- BRIEF:
Within the data that follows, set down exactly the lines from the one containing "The menu will" through the one containing "Діюча модель Автомата", both ends included.

- INFORMATION:
==============================
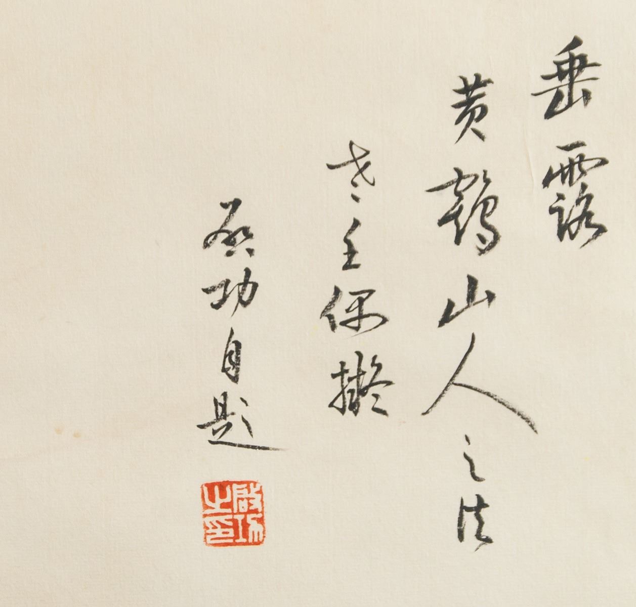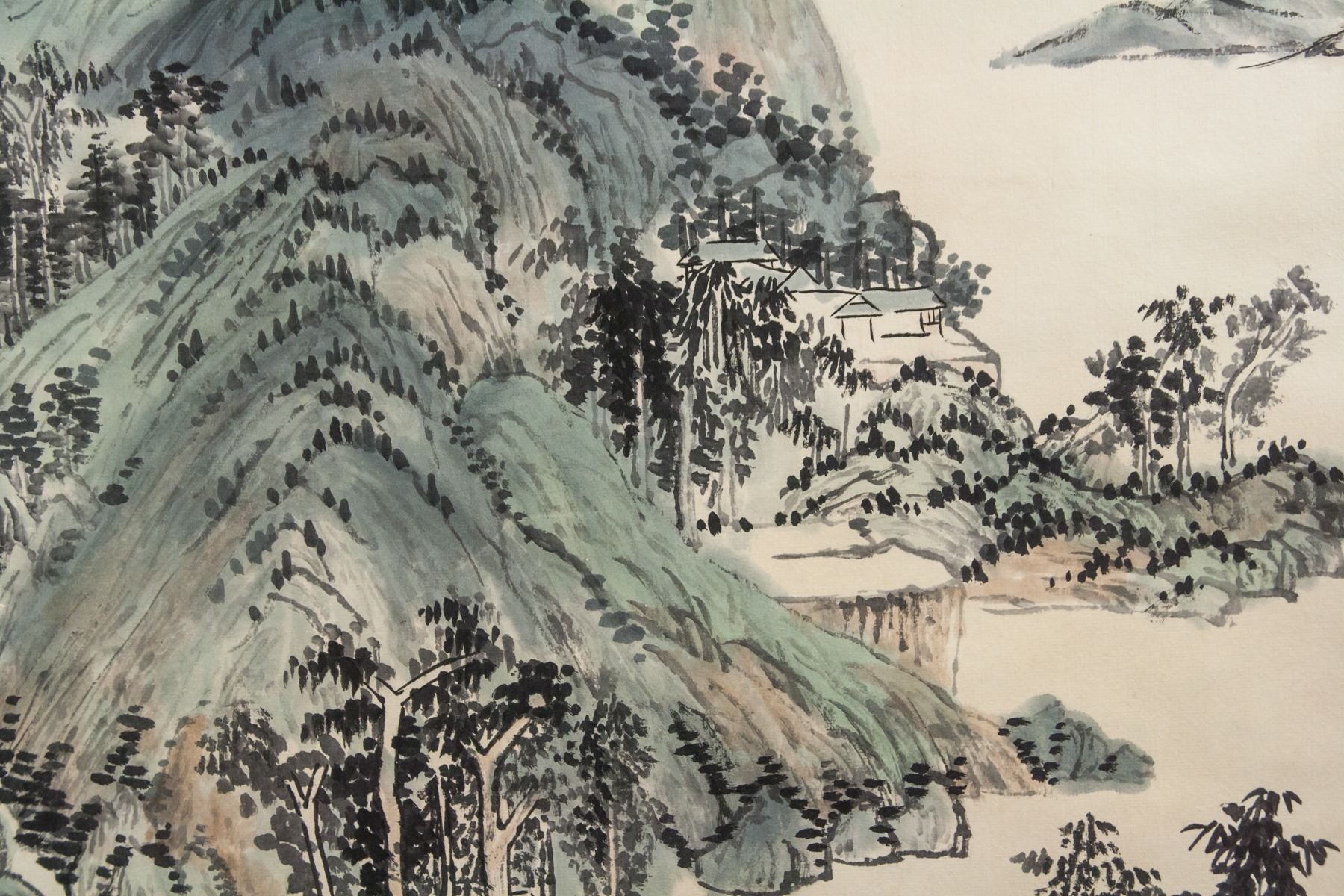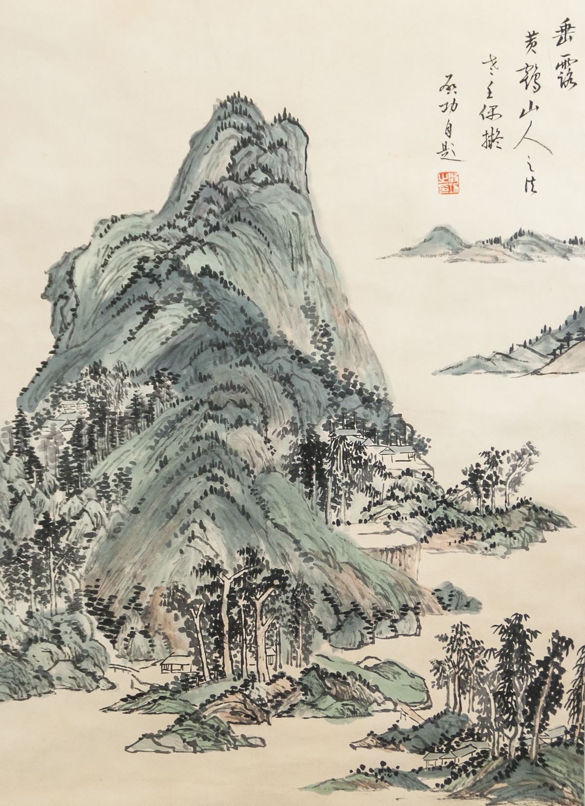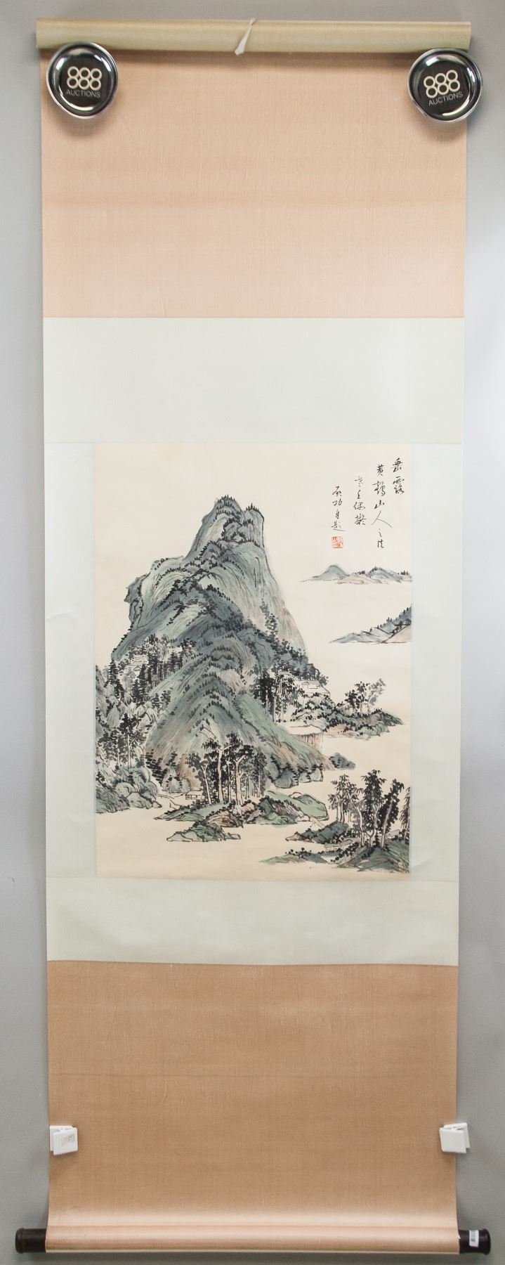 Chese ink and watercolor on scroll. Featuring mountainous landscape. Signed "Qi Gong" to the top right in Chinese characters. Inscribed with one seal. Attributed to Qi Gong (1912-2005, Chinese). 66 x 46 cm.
==============================
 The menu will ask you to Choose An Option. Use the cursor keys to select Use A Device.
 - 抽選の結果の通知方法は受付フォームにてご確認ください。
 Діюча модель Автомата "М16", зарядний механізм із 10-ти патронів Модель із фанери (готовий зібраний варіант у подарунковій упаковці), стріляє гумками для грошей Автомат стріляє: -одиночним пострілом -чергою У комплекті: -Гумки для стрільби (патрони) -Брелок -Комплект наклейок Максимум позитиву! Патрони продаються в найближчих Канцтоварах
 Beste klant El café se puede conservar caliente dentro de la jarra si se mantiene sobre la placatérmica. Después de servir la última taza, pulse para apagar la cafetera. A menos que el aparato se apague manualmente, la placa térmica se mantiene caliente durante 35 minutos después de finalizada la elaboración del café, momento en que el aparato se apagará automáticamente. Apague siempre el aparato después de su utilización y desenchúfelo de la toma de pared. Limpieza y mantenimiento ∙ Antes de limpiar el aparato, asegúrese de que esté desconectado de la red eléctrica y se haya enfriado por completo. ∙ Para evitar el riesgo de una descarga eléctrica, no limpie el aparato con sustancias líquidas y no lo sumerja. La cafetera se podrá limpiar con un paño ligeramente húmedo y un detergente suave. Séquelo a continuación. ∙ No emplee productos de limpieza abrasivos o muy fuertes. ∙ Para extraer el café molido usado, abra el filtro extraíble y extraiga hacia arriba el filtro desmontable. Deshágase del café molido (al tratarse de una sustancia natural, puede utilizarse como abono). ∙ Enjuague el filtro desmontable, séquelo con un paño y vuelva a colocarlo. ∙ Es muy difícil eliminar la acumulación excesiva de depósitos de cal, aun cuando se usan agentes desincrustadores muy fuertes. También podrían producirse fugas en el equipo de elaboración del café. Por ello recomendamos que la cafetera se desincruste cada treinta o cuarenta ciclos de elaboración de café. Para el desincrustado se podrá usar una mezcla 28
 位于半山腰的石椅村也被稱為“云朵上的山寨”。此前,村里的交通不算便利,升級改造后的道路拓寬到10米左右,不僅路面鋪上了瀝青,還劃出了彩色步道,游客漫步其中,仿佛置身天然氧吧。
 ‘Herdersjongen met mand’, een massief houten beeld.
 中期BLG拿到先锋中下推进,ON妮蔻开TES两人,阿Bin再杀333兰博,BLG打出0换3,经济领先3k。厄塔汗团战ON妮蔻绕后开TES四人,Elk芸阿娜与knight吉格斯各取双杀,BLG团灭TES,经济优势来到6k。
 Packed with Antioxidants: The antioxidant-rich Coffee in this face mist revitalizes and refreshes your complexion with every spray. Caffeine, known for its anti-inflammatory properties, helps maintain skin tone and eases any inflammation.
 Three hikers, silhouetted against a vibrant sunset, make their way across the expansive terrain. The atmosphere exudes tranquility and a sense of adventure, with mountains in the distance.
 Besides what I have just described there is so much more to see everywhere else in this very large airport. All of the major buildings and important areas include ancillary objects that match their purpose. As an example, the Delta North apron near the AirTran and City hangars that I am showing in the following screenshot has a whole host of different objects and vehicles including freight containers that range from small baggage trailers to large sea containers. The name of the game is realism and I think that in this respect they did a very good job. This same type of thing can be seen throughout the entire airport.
==============================
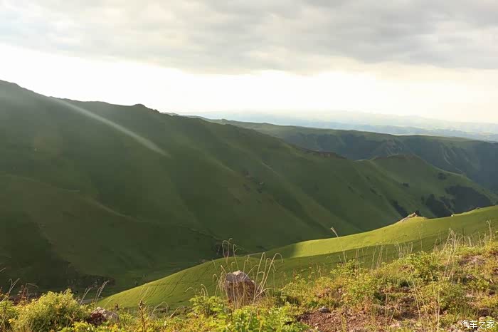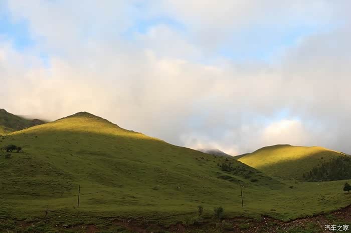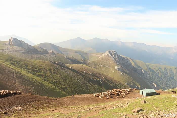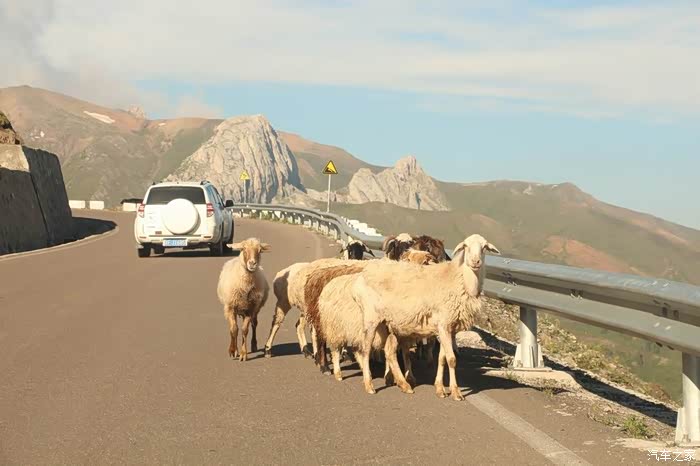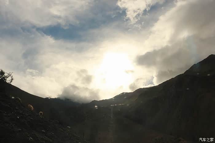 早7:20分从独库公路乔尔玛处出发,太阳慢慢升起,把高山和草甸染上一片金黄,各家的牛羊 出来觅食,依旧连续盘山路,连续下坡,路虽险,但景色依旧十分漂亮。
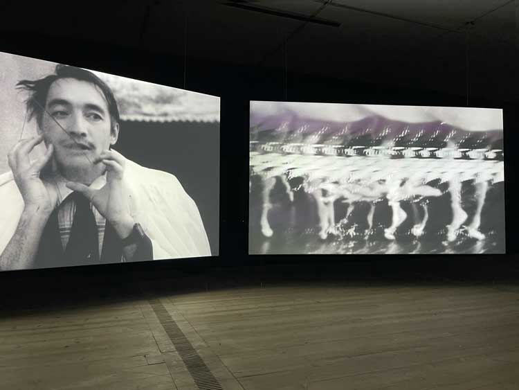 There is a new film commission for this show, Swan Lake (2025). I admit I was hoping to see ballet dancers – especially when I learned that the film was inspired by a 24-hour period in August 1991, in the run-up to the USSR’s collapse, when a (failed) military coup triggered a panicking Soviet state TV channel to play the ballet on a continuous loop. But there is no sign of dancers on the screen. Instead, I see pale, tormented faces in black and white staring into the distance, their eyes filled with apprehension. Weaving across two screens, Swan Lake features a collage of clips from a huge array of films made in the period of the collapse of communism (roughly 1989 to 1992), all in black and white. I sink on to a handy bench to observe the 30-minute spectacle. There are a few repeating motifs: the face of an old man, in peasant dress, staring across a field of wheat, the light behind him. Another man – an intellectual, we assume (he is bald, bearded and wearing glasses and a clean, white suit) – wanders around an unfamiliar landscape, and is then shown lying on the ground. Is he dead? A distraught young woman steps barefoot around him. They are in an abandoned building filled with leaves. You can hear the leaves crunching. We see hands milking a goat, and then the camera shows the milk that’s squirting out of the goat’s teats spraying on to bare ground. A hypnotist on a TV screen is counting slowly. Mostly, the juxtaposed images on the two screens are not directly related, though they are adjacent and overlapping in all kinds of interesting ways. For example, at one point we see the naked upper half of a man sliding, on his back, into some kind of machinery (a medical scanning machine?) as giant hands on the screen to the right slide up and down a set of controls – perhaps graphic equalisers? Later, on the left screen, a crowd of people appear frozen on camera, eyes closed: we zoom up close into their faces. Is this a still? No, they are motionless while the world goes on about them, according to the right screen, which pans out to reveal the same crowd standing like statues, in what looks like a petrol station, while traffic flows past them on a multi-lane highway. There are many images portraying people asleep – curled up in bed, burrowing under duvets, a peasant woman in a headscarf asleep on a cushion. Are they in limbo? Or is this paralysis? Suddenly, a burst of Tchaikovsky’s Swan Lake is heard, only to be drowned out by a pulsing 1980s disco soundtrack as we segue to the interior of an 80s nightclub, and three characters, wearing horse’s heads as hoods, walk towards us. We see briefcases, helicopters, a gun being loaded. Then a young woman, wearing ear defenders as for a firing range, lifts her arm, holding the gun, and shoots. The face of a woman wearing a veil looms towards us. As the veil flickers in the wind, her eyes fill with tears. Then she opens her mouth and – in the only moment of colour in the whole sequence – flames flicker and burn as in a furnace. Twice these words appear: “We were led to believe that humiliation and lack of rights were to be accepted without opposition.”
==============================
- ANSWER TO THIS PROBLEM:
 The menu will ask you to Choose An Option. Use the cursor keys to select Use A Device.
 - 抽選の結果の通知方法は受付フォームにてご確認ください。
 Діюча модель Автомата "М16", зарядний механізм із 10-ти патронів Модель із фанери (готовий зібраний варіант у подарунковій упаковці), стріляє гумками для грошей Автомат стріляє: -одиночним пострілом -чергою У комплекті: -Гумки для стрільби (патрони) -Брелок -Комплект наклейок Максимум позитиву! Патрони продаються в найближчих Канцтоварах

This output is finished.